Natalie came downstairs to find me on the couch eating my favorite Oreo Cheesequake Blizzard from Dairy Queen knowing full and well fourteen hours earlier I was on a treadmill.
“Are you emotionally eating,” she asked.
“Yes,” I replied with no guilt.
I went to bed in a near-Catatonic state. I woke up not much better. At 6:00a Natalie asked if I would be going to the gym with her and I rolled over and said, “No.”
You see, I have never been good managing money. Caller ID and voice mail were my best friends.
COLLECTION SCHMUCK: This is just a courtesy call to let you know you’re overdue… when can we expect payment?
JIM: Since most of my money is tied up in food and shelter why don’t you just pick a date and we’ll hope for the best?
I can’t tell you the amount of times I’d come home to find my power was shut off not because I didn’t have the money… but because I forgot to mail the payment in. When they turn it on, you still get charged a fee. Oh, if anyone that tells you overdraft protection tied to a credit card is a good idea, punch them dead in their face, they have it coming. Somewhere in the last few years, I learned how to manage money and I’ve become very, very good at it. Natalie dreams of a wedding she’s probably been planning since she was nine (much like the baby names she has scribbled in her diary since tenth grade). I, on the other hand, want a new house since I have outgrown my condo. When Natalie looks at our finances, she sees a wedding. When I look at it, I see the culmination of years of skill and months of savings that I’ll be spending on cake and flowers instead of a down payment on a new house.

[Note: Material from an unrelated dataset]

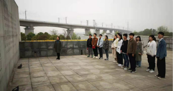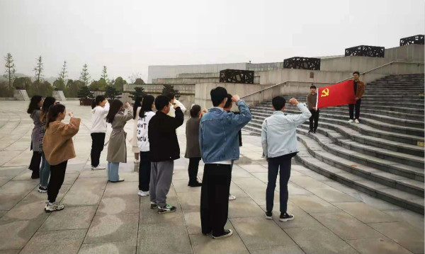 下午3点,党员们到达烈士陵园门口,整好队,佩戴好党徽,他们迈着整齐的步伐来到高大的烈士碑前,把手中的鲜花敬献给烈士们。随后,在汪茗燕的带领下,党员们面向烈士像和红旗,重温了入党誓词。在整齐划一的宣誓声中,悼念仪式画上了句号。
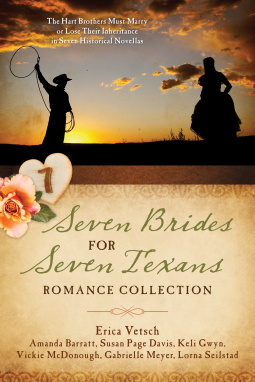 This book grabbed my attention and held tightly onto it from the very beginning with author Erica Vetsch setting the scene around the dining room table in the Prologue, through each author's story of one a Hart brothers looking or not looking for a wife, to the very end with Erica Vetsch's Epilogue. To say that I LOVED this book would be an understatement. I began reading it one afternoon, stayed up all night to finish it and have since read it again. This collection by seven authors reads like one great big novel. The book takes place from New Year's Day 1874 where the Patriarch of the family G.W. Hart tells his sons that they must marry by the end of the year or lose their inheritance, to New Year's Day 1875 with G.W. talking to the portrait of his late wife Victoria, reliving the past year. Author Gabrielle Meyer starts us out with "First Comes Love" the story of the youngest Hart brother, Hays. He is eager to be the first one to get married, to finally be the first at something in his family of seven brothers. He starts out by posting wanted posters around town. He runs into a challenge with the new pastor's daughter who is also the new school teacher Emma Longley. Next, we have "The Heart of Texas" by Lorna Seilstad giving us the story of Texas Ranger Chisholm Hart, away from home on New Year's Day, he gets the news of his father's terms by letter. Chisholm is a busy Texas Ranger, how is he supposed to find a wife? While tracking cattle rustlers Chisholm happens upon a feisty Mexican woman named Caro Marie Cardova Valenzuela. His partner Whit sees there is an attraction there and teases Chisholm about it. This story is full of suspense and danger. I won't give any spoilers but it is so good! Third, we have Amanda Barratt's "The Truest Heart." Annie Lawrence is returning to Hartsville a widow with a nine-year-old son. Her cruel father forced her to marry Stuart Lawrence while Travis Hart was away fighting in the war. She never stopped loving Travis and feels guilty for thinking of him on her one night with her husband before he too left for the war and never returned. Being the new midwife in town she is forced to work with Travis ,the town's doctor, on occasion. Clearly, they still have feelings for each other, can she overcome her guilty feelings? Can she stand up to her father? There is so much tension and drama in this story, the cruelness of Annie's father is unbearable and makes me hate him. But I loved how this turns out. Next, we have author Keli Gwyn's "A Love Returned" the story of Houston Hart. Houston left for California instead of going to war with his older brothers, some townsfolk didn't care too much for that. Before Houston left Hartsville, he proposed to Coralee and asked her to go with him to California, but she turned him down saying she couldn't go. He left without finding out why. Now, after receiving a letter from Travis about his father's edict, he has returned home. Having a better head for business than ranching he would work hard to show his brothers and father that he was serious about his duties to the 7 Heart. This story touched my heart so much, it is impossible to describe. Houston finds out why Coralee could not go with him with such a tender act of kindness, Coralee could not help but let a few of the bricks she had built around her heart fall. There is so much healing and love in this story. Make sure to have some tissues handy. Number five, "For Love or Money" by author Susan Page Davis is the story of Crockett Hart. It's September, Crockett spends most of his time out tending the huge herd, he was away on a cattle drive and now he is out on the range looking for wondering cattle. Thinking, he just isn't ready to be married yet, or there aren't enough suitable candidates in Hartsville. Crockett smells smoke and rides off to a not so friendly neighbor's ranch to find their small house fully engulfed in flames. He sends up a prayer when he doesn't see any of the family. He gets off his horse to try to save the ramshackle barn. Jane Haymaker shows up and sees him, together they save what they can. Jane and her brother Ben had been friends with the Hart's when they were young but after the death of her mother she and Ben left school to work the small ranch with their father Boyd, who was a lazy drunkard. You will need some tissues for this story as well. Drama and mystery, the kindness of the community coming together and perhaps the blossoming of love fill this story. Author Vickie McDonough's "Mail-Order Mayhem" tells the story of the oldest Hart brother Austin. Was he making a mistake in writing for a mail-order bride? He has worked so hard on the ranch and could not lose it, he had no choice but to find a wife. He felt the full responsibility of the ranch was on his shoulders. When his bride stepped off the stage he couldn't believe how his heart bucked, but then she turns her back to him and helps her identical twin sister down. The second woman was Jenny, his bride, but where was the feeling in his heart? Rebekah, the sensible twin makes up for Jenny's lack of introduction and tries to smooth things over with Austin, Jenny had not told him that she was bringing her sister along. Jenny is not pleased with the town or Austin. Rebekah wishes she would be kinder, this has to work, they were about to be homeless. While in their room at the hotel, Jenny admits that Austin does not make her heartbeat speed up, Rebekah on the other hand, keeps it to herself that her heart took off like a racehorse more than once but she has agreed to wed someone else. This story is full of twists and surprises! Is it wrong that Austin feels for Rebekah what he should be feeling for Jenny? The ending of this story will have you on the edge of your seat! Now we come to "Love at Last" by Erica Vetsch. The story of Bowie Hart, the second oldest brother was not the same after the war where he lost an eye and had been badly burned, still having dark scars from the black powder

And somewhere in the drive to work this morning I realized I wasn’t buying cake and flowers. I was buying one of my fiancé’s dreams. She’s been very reasonable about this, I’ve seen Bridezillas… I know.
She’s been very practical and it isn’t like she’s spending thousands on orchestrated doves. Most importantly, it’ll make her happy and consequently that’ll make me happy.
And surprisingly, money can sometimes buy that.